(Stored items from a collection)
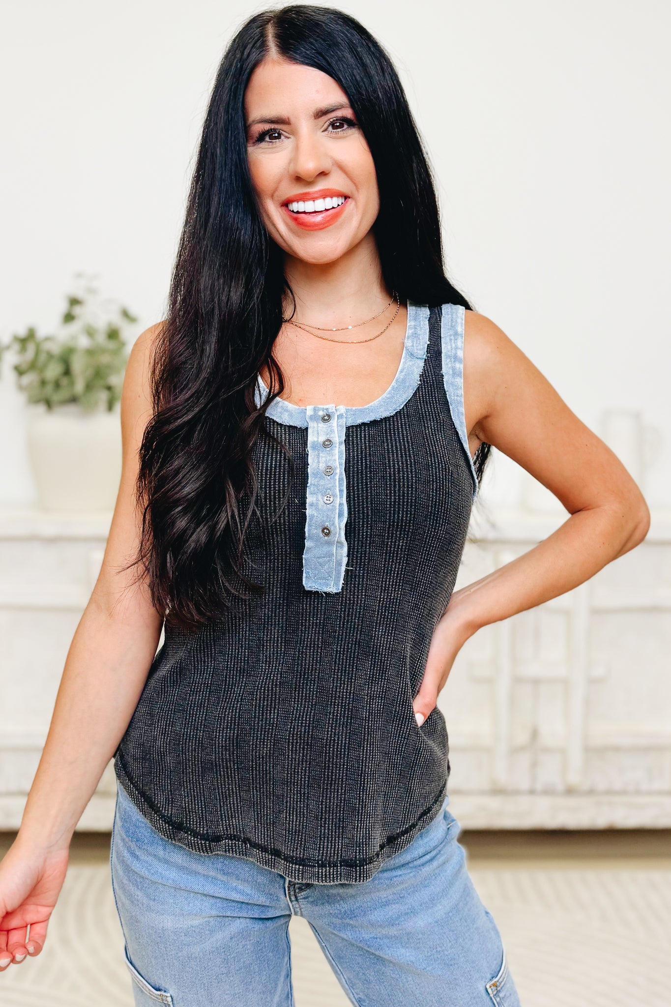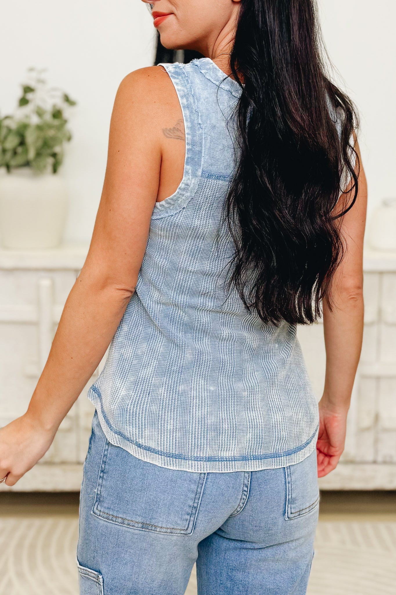 This is the most perfect tank top—super soft, stretchy, and insanely comfy! It features the coolest texture paired with a lightweight denim lining that gives it that effortlessly cool vibe. The mineral wash material is absolutely dreamy, and the colors? Next level. This is your new go-to for everyday wear—we are completely obsessed!
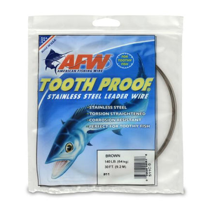 Tooth Proof leader wire lives up to its name and provides maximum protection against the ferocious jaws of Barracuda, King Mackerel, Wahoo and other toothy fish. Made from specially controlled Type 304 stainless steel alloy to be hard, but not brittle, and to deliver the perfect combination of flexibility and strength. Tooth Proof possesses incomparable abrasion resistance and tames the toughest toothy fish. AFW's unique pre-straightening process eliminates cast, providing a straighter leader wire with improved kink resistance. Special Camouflaged Brown finish vanishes in deep water. Tournament tested tough, this proven leader wire continues to put anglers on the winner board!
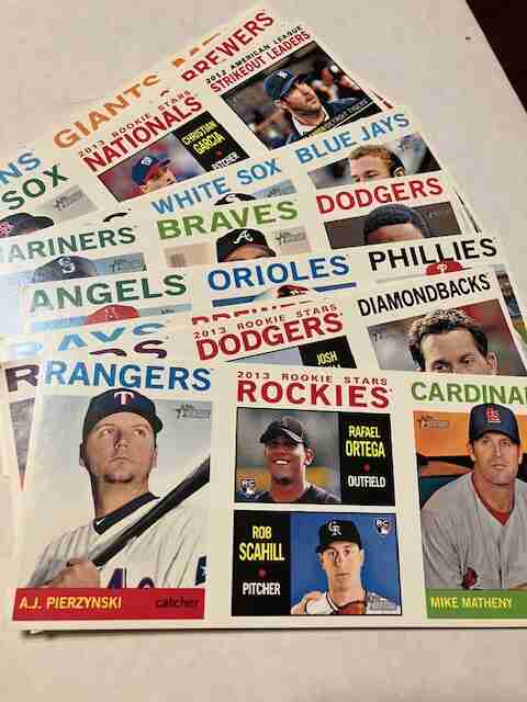 2013 TOPPS HERITAGE BOX TOPPER PANEL CARDS - 13 (INCLUDES ONE DUPLICATE).
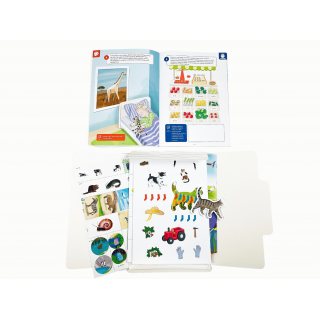 Zebrany w teczce pakiet Montessori oferuje 3-latkom mnóstwo atrakcyjnych dla nich zabaw: naklejanie, wypychanie, rysowanie obwódek grubą kredką, malowanie paluszkami zanurzonymi w farbie, odnajdywanie szczegółów, pokazywanie różnic między obrazkami, łączenie przedmiotów w pary i wiele innych.
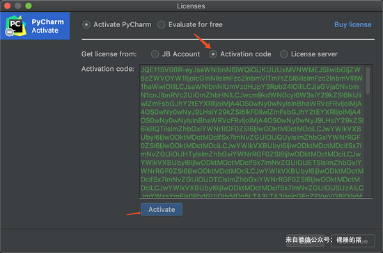 3)如果服務器激活方式無法激活,還可以選擇Activation code方式激活,復制下面激活碼即可
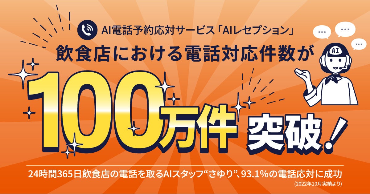 24時間365日受付可能な飲食店向けAI電話予約応対サービス「AIレセプション」の対応件数が100万件を突破
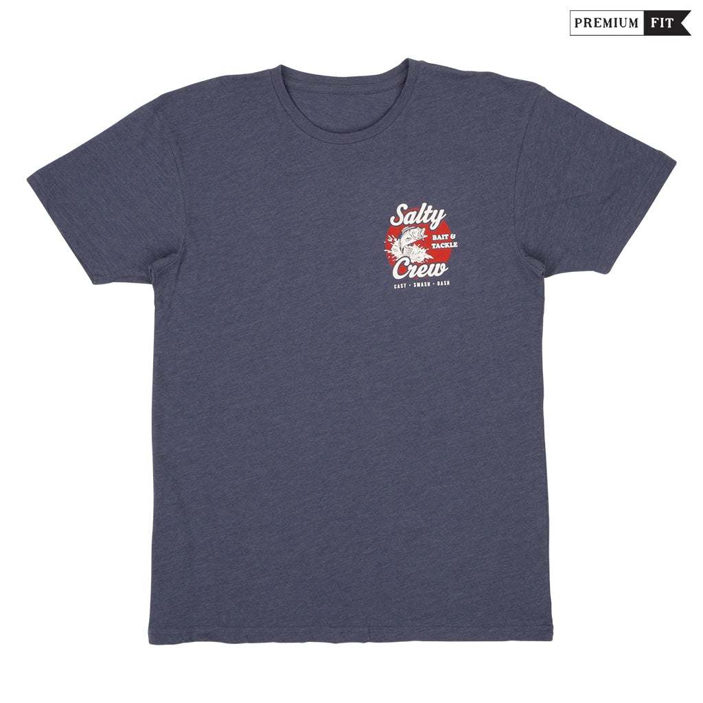 The Bait And Tackle S/S Tee in navy heather is a premium slim fit short sleeve t-shirt with screen printed front and back. Made from 100% cotton 30 singles combed ringspun. Available in sizes: S, M, L, Xl, XXL
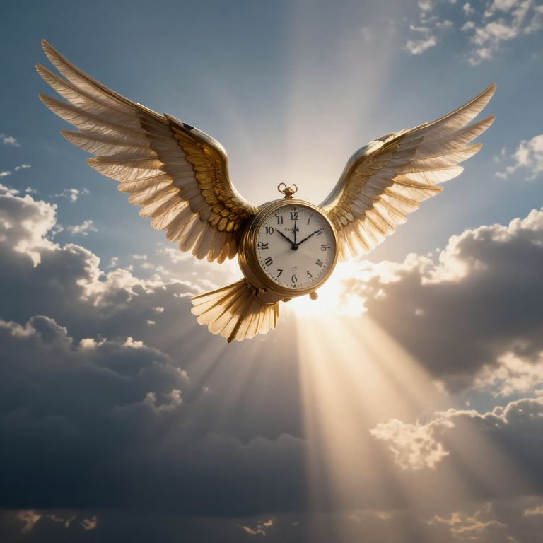Photograph of a clock with angel wings soaring in a bright sky, sun rays streaming through clouds behind it.
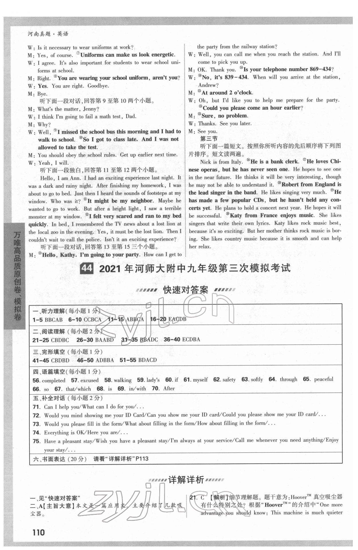 注:目前有些书本章节名称可能整理的还不是很完善,但都是按照顺序排列的,请同学们按照顺序仔细查找。练习册 2022年万唯中考真题英语河南专版 答案主要是用来给同学们做完题方便对答案用的,请勿直接抄袭。
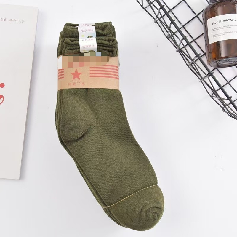 남성 가을 겨울 두꺼운 군용 녹색 양말, 노동 보호 양말, 군용 녹색 군사 훈련 양말, 내마모성 종아리 양말, 노점 공급 양말 도매스토어 가기
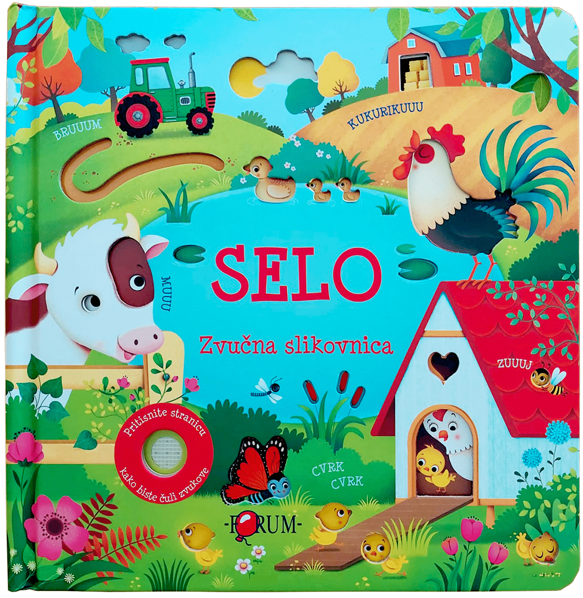 Mala će djeca uživati u upoznavanju sa svim bučnim životinjama sa sela pritišćući stranice ove predivno ilustrirane slikovnice.
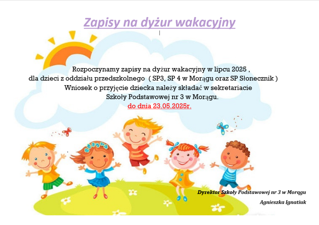DYŻUR WAKACYJNY 2025 – LIPIEC AKTUALNOŚCI 24 kwietnia, 202524 kwietnia, 2025 Agnieszka Ignatiuk wniosek o przyjęcie na dyżur wakacyjnyPobierz
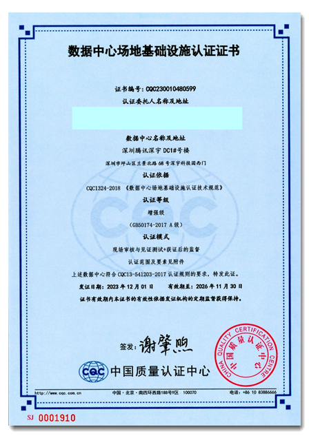 近期,英和數據成功完成了深圳騰訊深宇數據中心 1 號樓項目的驗證測試工作,并助力該數據中心獲得了中國質量認證中心(CQC)頒發的國標 A 級認證證書!
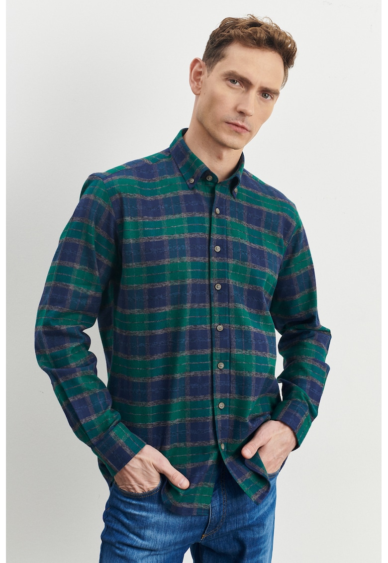 - bleumarin Material: bumbac Imprimeu: carouri Stil: casual Croiala: regular fit Guler: oxford Maneci: mansete cu nasturi Lungime maneca: maneca lunga Sistem inchidere: nasturi Compozitie Exterior: 100% bumbac
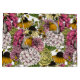 Hand-drawn pattern with various flowers- hydrangea, anemone, peony, dahlia and robin birds

▶ TASK: Reproduce exactly the lines above from the one with "DYŻUR WAKACYJNY 2025" through the last line of the data, keeping both ends and dropping the pictures.

▶ ANSWER FOR THE TASK:
DYŻUR WAKACYJNY 2025 – LIPIEC AKTUALNOŚCI 24 kwietnia, 202524 kwietnia, 2025 Agnieszka Ignatiuk wniosek o przyjęcie na dyżur wakacyjnyPobierz
 近期,英和數據成功完成了深圳騰訊深宇數據中心 1 號樓項目的驗證測試工作,并助力該數據中心獲得了中國質量認證中心(CQC)頒發的國標 A 級認證證書!
 - bleumarin Material: bumbac Imprimeu: carouri Stil: casual Croiala: regular fit Guler: oxford Maneci: mansete cu nasturi Lungime maneca: maneca lunga Sistem inchidere: nasturi Compozitie Exterior: 100% bumbac
 Hand-drawn pattern with various flowers- hydrangea, anemone, peony, dahlia and robin birds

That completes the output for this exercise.